***** GIVEN DATA *****

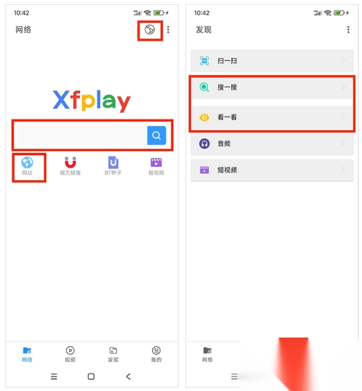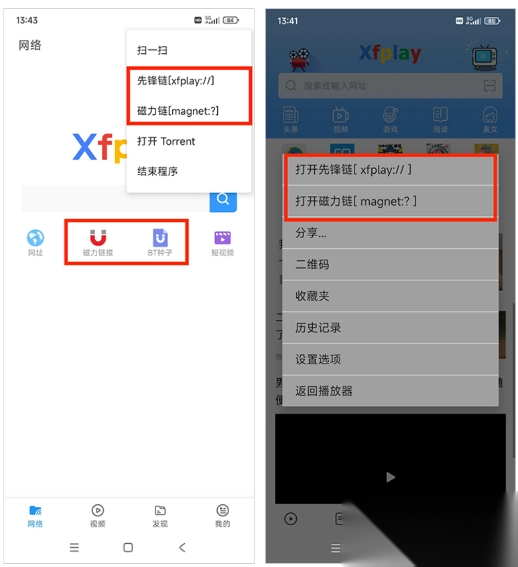 (1) 方式一:打开首页右上角列表中的【先锋链】或【磁力链】;方式二:点击导航栏图标,接着在浏览器顶部搜索框输入先锋链(xfplay://)、magnet uri链接、BT torrent种子等内容。
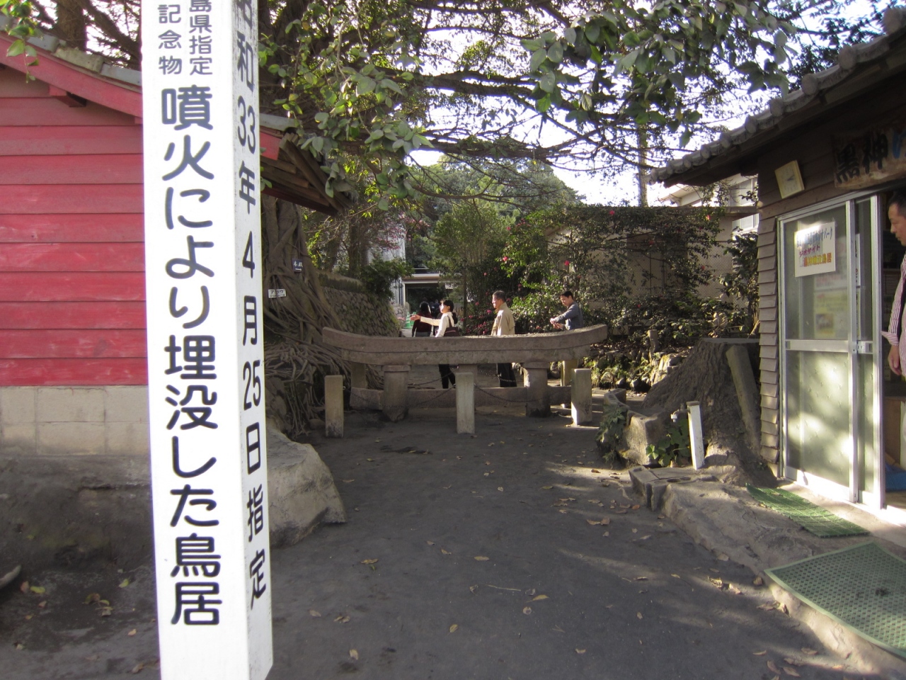 大正3年の大爆発の後、たったの一日で火山灰や軽石に埋もれてしまった鳥居(今は笠木を残すのみ)。
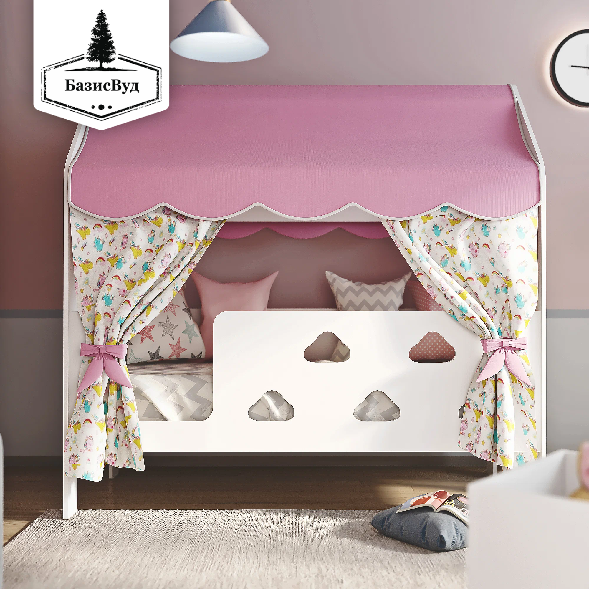 10 цен на Кровать детская домик "Облачка" с текстилем (розовый, с единорогами, вход слева)
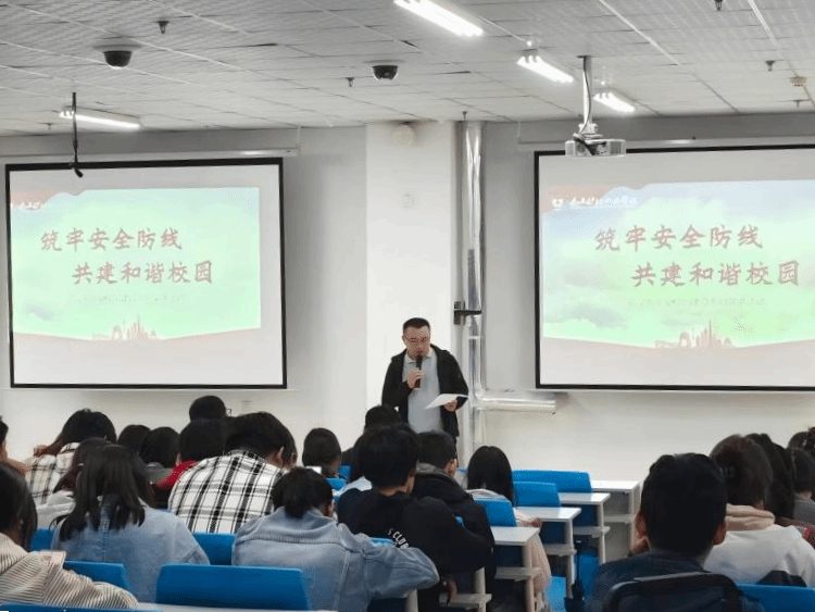 本次活动聚焦校园食品安全,关注学生日常饮食中的潜在风险。张晓坤同学结合自身兼职经历,生动剖析了外卖食品在原料采购、加工制作及配送环节中可能存在的安全隐患,引导同学们增强食品安全意识,主动选择正规、健康的餐饮渠道,从源头上筑牢饮食安全防线。学管老师殷俊虎在总结中强调了食品安全对平安校园建设的重要性,呼吁同学们将安全意识“内化于心、外化于行”,提升自我保护能力,共同维护校园安全稳定,为构建健康、和谐的校园环境贡献力量。
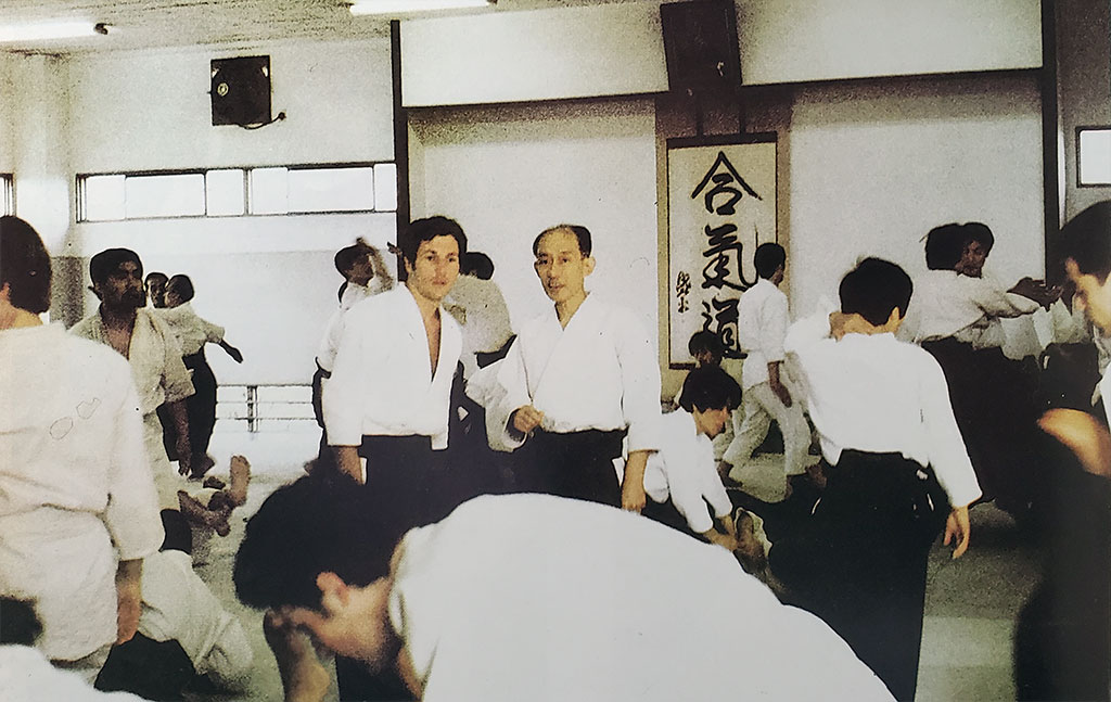 According to Tissier, the atmosphere at Hombu was very studious. O Sensei had just passed away, Tohei Koichi SenseiTohei Koichi (藤平 光一, 1920 - 2011) was a 10th dan aikidoka and the creator of ki-aikido. From 1953, he kickstarted the introduction of aikido in the West, mainly through regular teaching trips to Hawaii, but also to the continental United States and Europe. was still teaching on Friday and Saito Morihiro Sensei was coming fromn Iwama on Sunday mornings. According to Tissier, rumors were already circulating about a possible separation of some teachers and deshi. His investment and seriousness at the dojo allowed him to quickly befriend the young instructors of the time, Suganuma Morito, Imaizumi Shizuo, Endo Seishiro, Toyoda Fumio, who had just entered as sumikomi shidoin and became a very good friend with Tissier until he left for the USA.
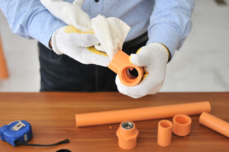 分别在管道表面、管件内壁均匀涂抹粘胶剂。

*****

▶ **PROBLEM REQUIREMENTS**:
What you return should be the entries from above, unchanged and without their images.

▶ **ANSWER SECTION**:
 (1) 方式一:打开首页右上角列表中的【先锋链】或【磁力链】;方式二:点击导航栏图标,接着在浏览器顶部搜索框输入先锋链(xfplay://)、magnet uri链接、BT torrent种子等内容。
 大正3年の大爆発の後、たったの一日で火山灰や軽石に埋もれてしまった鳥居(今は笠木を残すのみ)。
 10 цен на Кровать детская домик "Облачка" с текстилем (розовый, с единорогами, вход слева)
 本次活动聚焦校园食品安全,关注学生日常饮食中的潜在风险。张晓坤同学结合自身兼职经历,生动剖析了外卖食品在原料采购、加工制作及配送环节中可能存在的安全隐患,引导同学们增强食品安全意识,主动选择正规、健康的餐饮渠道,从源头上筑牢饮食安全防线。学管老师殷俊虎在总结中强调了食品安全对平安校园建设的重要性,呼吁同学们将安全意识“内化于心、外化于行”,提升自我保护能力,共同维护校园安全稳定,为构建健康、和谐的校园环境贡献力量。
 According to Tissier, the atmosphere at Hombu was very studious. O Sensei had just passed away, Tohei Koichi SenseiTohei Koichi (藤平 光一, 1920 - 2011) was a 10th dan aikidoka and the creator of ki-aikido. From 1953, he kickstarted the introduction of aikido in the West, mainly through regular teaching trips to Hawaii, but also to the continental United States and Europe. was still teaching on Friday and Saito Morihiro Sensei was coming fromn Iwama on Sunday mornings. According to Tissier, rumors were already circulating about a possible separation of some teachers and deshi. His investment and seriousness at the dojo allowed him to quickly befriend the young instructors of the time, Suganuma Morito, Imaizumi Shizuo, Endo Seishiro, Toyoda Fumio, who had just entered as sumikomi shidoin and became a very good friend with Tissier until he left for the USA.
 分别在管道表面、管件内壁均匀涂抹粘胶剂。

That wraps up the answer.